** Opening Data listing block **
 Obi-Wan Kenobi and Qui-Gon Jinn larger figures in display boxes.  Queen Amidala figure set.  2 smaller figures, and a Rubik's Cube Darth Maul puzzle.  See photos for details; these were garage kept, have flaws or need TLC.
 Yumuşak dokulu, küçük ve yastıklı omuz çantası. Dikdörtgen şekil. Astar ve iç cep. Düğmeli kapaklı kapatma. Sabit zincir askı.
** Closing Data listing block **
** Opening Data listing block **
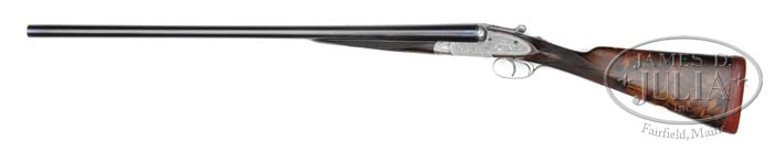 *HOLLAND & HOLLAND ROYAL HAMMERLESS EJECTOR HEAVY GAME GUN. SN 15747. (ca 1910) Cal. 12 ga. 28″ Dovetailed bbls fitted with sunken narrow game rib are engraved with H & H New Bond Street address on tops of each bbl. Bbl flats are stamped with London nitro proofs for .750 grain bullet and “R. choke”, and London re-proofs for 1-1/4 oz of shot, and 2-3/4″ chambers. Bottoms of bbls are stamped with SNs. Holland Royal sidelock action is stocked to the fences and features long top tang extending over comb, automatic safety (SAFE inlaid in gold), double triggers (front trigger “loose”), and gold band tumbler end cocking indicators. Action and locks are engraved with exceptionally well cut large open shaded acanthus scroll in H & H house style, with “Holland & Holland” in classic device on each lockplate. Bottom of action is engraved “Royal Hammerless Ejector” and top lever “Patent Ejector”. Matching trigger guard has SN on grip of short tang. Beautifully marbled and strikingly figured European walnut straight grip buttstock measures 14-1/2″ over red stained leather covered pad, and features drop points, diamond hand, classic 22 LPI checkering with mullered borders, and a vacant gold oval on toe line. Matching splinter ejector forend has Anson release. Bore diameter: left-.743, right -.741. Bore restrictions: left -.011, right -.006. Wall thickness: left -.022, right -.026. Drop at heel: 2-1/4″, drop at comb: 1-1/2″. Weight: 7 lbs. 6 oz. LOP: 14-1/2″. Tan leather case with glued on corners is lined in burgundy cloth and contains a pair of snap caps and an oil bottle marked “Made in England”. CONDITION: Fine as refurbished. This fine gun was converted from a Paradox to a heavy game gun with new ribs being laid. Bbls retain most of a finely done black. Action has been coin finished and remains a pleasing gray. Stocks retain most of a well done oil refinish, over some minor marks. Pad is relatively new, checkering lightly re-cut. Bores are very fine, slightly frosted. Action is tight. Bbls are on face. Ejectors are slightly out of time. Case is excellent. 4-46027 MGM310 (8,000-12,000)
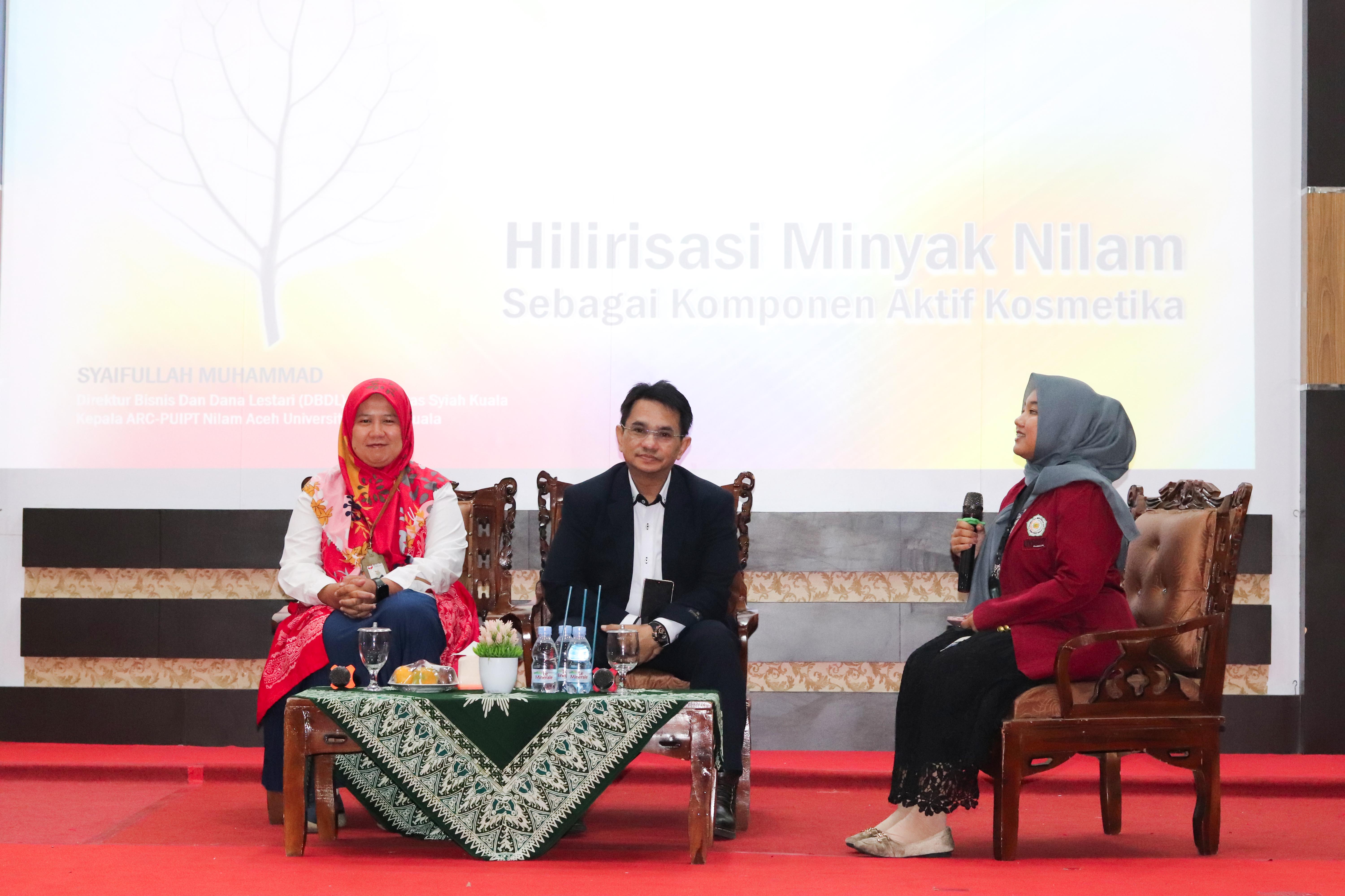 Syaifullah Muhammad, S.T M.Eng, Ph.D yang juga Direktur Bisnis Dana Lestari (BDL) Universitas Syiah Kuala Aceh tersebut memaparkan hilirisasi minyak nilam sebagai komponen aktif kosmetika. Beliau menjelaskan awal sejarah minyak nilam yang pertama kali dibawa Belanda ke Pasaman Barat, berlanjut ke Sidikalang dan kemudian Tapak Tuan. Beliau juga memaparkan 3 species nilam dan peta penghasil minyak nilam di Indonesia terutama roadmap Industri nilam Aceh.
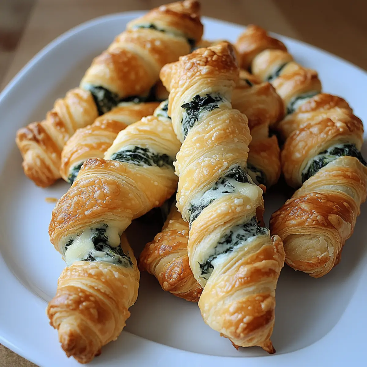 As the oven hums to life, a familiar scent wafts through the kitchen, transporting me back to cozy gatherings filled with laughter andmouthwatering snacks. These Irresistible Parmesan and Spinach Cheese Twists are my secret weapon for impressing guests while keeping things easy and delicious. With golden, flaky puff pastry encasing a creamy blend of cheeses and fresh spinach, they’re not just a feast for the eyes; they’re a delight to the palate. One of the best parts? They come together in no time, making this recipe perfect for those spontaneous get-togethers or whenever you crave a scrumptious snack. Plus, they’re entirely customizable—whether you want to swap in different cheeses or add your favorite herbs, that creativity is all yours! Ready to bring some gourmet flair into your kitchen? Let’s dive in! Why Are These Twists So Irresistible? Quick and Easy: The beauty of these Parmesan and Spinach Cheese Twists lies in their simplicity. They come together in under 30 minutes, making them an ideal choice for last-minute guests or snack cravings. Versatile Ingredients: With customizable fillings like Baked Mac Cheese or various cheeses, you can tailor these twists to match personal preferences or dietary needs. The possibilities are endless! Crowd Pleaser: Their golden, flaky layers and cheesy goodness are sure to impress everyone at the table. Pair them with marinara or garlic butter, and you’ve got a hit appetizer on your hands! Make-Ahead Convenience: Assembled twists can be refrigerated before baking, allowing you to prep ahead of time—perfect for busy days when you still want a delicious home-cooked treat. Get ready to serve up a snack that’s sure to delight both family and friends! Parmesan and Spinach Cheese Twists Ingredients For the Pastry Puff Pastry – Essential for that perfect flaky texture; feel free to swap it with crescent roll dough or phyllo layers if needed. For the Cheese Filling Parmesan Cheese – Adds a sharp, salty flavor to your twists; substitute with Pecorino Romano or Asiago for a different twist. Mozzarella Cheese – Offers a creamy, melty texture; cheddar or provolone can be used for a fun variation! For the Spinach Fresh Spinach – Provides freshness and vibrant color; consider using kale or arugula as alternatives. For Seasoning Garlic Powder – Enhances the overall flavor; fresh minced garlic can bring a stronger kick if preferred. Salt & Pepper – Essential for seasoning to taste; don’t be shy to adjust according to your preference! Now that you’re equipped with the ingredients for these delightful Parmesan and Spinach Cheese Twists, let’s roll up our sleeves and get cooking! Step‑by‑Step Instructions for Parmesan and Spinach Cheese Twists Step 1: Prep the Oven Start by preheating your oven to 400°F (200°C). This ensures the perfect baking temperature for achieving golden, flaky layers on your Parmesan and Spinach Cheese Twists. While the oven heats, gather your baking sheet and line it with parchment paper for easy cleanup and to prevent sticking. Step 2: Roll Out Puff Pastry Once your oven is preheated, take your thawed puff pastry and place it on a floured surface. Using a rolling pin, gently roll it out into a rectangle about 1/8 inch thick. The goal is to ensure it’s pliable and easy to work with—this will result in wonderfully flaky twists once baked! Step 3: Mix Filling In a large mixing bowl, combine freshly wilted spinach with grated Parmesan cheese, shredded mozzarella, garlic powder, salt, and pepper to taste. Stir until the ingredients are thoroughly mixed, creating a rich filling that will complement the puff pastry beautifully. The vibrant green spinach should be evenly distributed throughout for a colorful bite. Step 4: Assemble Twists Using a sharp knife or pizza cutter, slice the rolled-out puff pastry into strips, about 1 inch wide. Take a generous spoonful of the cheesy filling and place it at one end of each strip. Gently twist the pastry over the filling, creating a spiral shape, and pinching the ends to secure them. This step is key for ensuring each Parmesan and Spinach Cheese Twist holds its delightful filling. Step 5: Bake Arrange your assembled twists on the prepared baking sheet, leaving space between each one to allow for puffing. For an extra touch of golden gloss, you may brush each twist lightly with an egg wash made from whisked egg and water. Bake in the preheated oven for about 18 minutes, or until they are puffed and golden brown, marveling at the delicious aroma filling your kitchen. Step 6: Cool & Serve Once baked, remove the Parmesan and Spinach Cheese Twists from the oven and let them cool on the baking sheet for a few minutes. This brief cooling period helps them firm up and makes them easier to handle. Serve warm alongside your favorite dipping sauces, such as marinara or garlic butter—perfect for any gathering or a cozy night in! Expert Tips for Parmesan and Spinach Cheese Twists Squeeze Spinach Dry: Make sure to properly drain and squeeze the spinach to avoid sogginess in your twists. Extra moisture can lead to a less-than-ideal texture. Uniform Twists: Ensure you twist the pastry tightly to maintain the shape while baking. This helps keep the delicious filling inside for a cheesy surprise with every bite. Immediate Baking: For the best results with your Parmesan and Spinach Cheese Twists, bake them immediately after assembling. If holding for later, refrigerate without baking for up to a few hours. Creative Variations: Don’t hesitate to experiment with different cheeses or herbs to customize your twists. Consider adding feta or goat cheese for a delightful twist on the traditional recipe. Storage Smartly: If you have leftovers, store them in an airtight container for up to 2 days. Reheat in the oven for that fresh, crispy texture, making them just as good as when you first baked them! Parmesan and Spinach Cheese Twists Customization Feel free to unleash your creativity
** Closing Data listing block **
** Opening Data listing block **
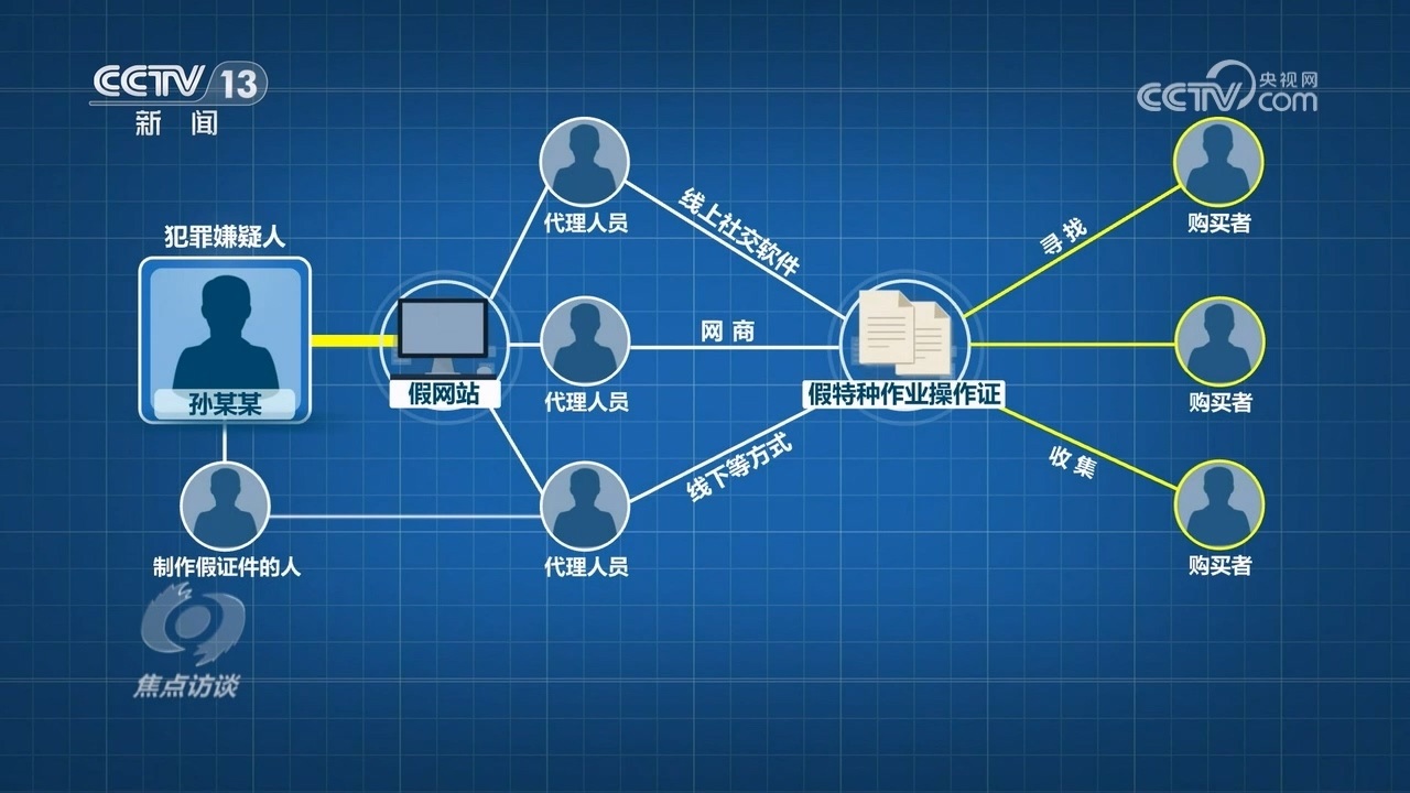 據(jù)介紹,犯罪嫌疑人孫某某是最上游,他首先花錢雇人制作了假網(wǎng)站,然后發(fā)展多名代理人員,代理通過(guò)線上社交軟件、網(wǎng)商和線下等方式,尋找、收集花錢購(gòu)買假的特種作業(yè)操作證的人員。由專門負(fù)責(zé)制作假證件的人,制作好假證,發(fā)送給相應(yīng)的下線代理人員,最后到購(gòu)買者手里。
** Closing Data listing block **
## Exercise instructions
Beginning at the line with "Obi-Wan Kenobi and" and ending at the line with "Yumuşak dokulu, küçük", reproduce each line of the data above exactly, and add no other lines.

## Result of this exercise
 Obi-Wan Kenobi and Qui-Gon Jinn larger figures in display boxes.  Queen Amidala figure set.  2 smaller figures, and a Rubik's Cube Darth Maul puzzle.  See photos for details; these were garage kept, have flaws or need TLC.
 Yumuşak dokulu, küçük ve yastıklı omuz çantası. Dikdörtgen şekil. Astar ve iç cep. Düğmeli kapaklı kapatma. Sabit zincir askı.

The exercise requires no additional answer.